EXERCISE DIRECTIONS:
An exact restatement is required. Cover only the lines of the records from the first through the line with "リスナッツのギフトボックス1", and skip pictures.
[[ SOURCE RECORDS open ]]
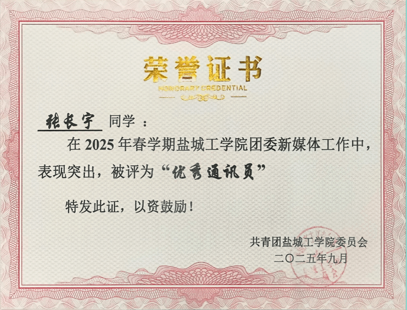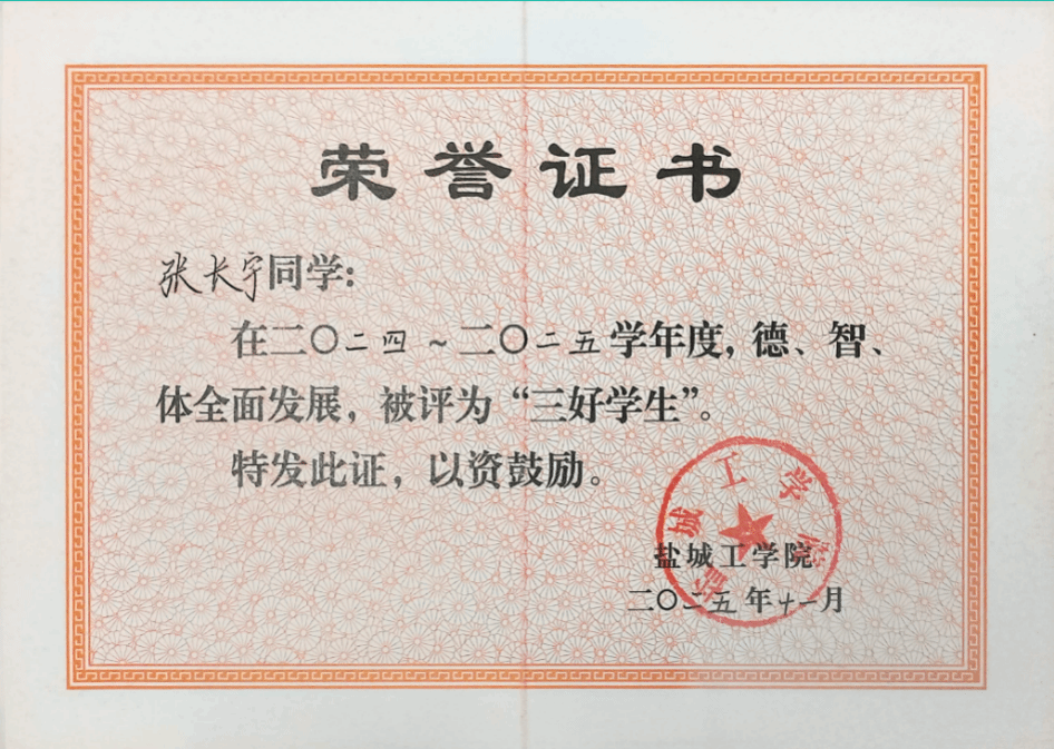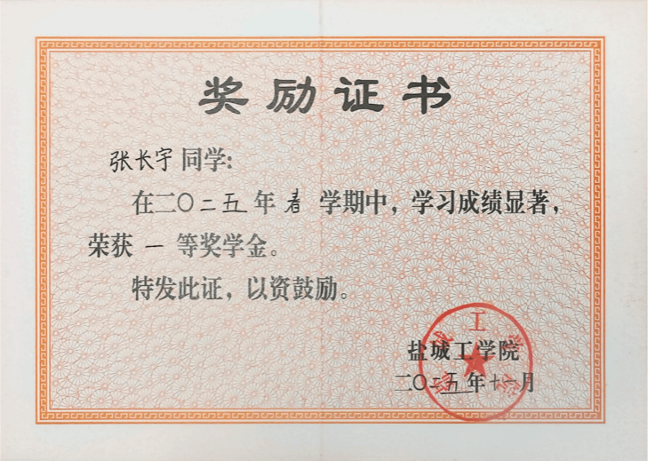 一次获评盐城市“黄海明珠”奖学金
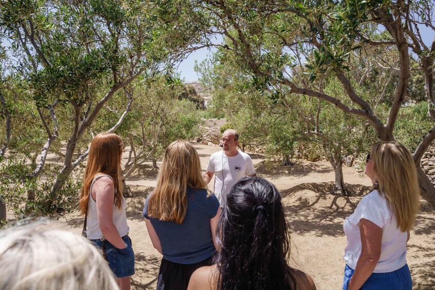 Efter rundturen i vingårdarna kan ni njuta av några provsmakningar av utmärkta ekologiska viner som odlas på plats. Kombinera dessa viner med några läckra mykoniska delikatesser som kommer från lokala leverantörer.
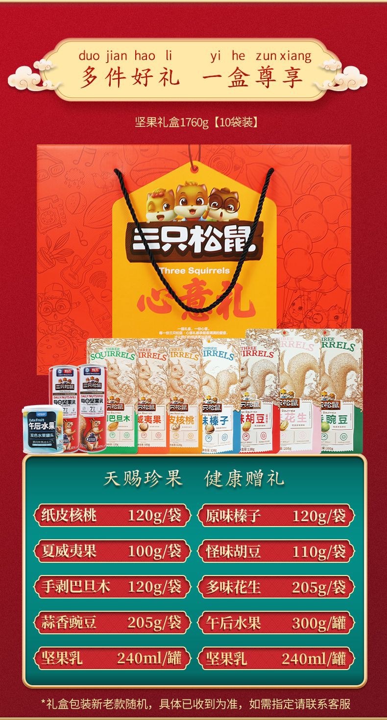リスナッツのギフトボックス1760g/9袋混合スナックのギフトバッグナッツ炒め物の組み合わせの祝日共同購入
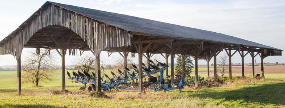 Voici une petite photo d'un des bâtiments dont je me suis inspiré. C'est typique de ma région, avec le matériel qui va avec telle la charrue 12 corps. On retrouve beaucoup de bâtiments excentrés des corps de fermes et des villages servant uniquement à mettre le matériel à l'abri et c'est ce que j'ai voulu faire avec mon diorama.
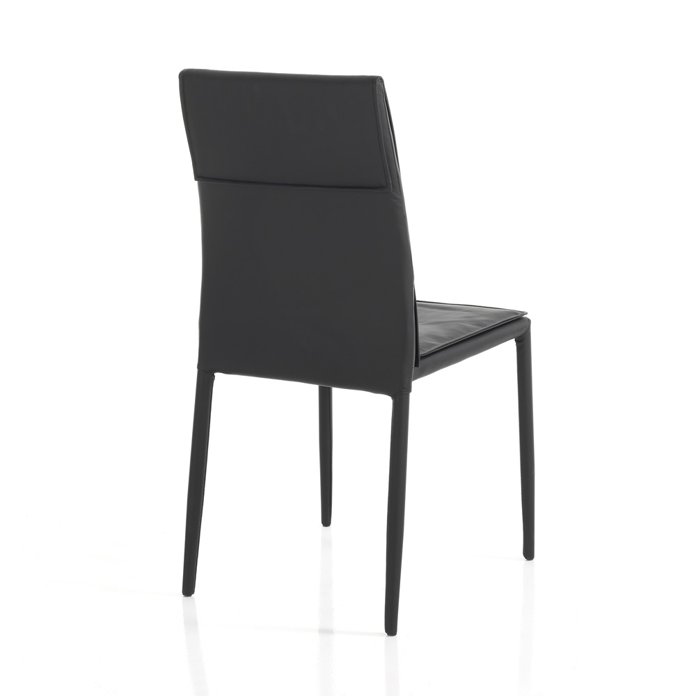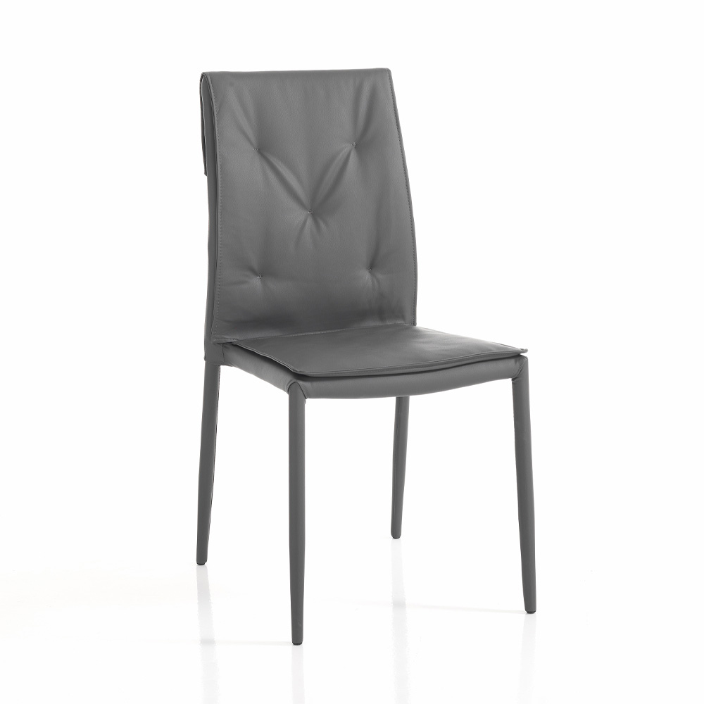 Conjunto de 4 sillas completamente tapizadas en polipiel fija , acolchado interno en gomaespuma de intensidad media y estructura interna íntegramente en acero. Estos artículos, gracias a sus acabados sencillos y elegantes, son perfectos para completar el mobiliario de cualquier salón, cocina y salón. Ofrecen un asiento cómodo y confortable y una gran estabilidad gracias a la forma de las patas. Los materiales utilizados son de excelente calidad para ofrecer al cliente un producto no sólo bonito a la vista sino también práctico y funcional.
[[ SOURCE RECORDS closed ]]
REPLY TO THE EXERCISE:
 一次获评盐城市“黄海明珠”奖学金
 Efter rundturen i vingårdarna kan ni njuta av några provsmakningar av utmärkta ekologiska viner som odlas på plats. Kombinera dessa viner med några läckra mykoniska delikatesser som kommer från lokala leverantörer.
リスナッツのギフトボックス1760g/9袋混合スナックのギフトバッグナッツ炒め物の組み合わせの祝日共同購入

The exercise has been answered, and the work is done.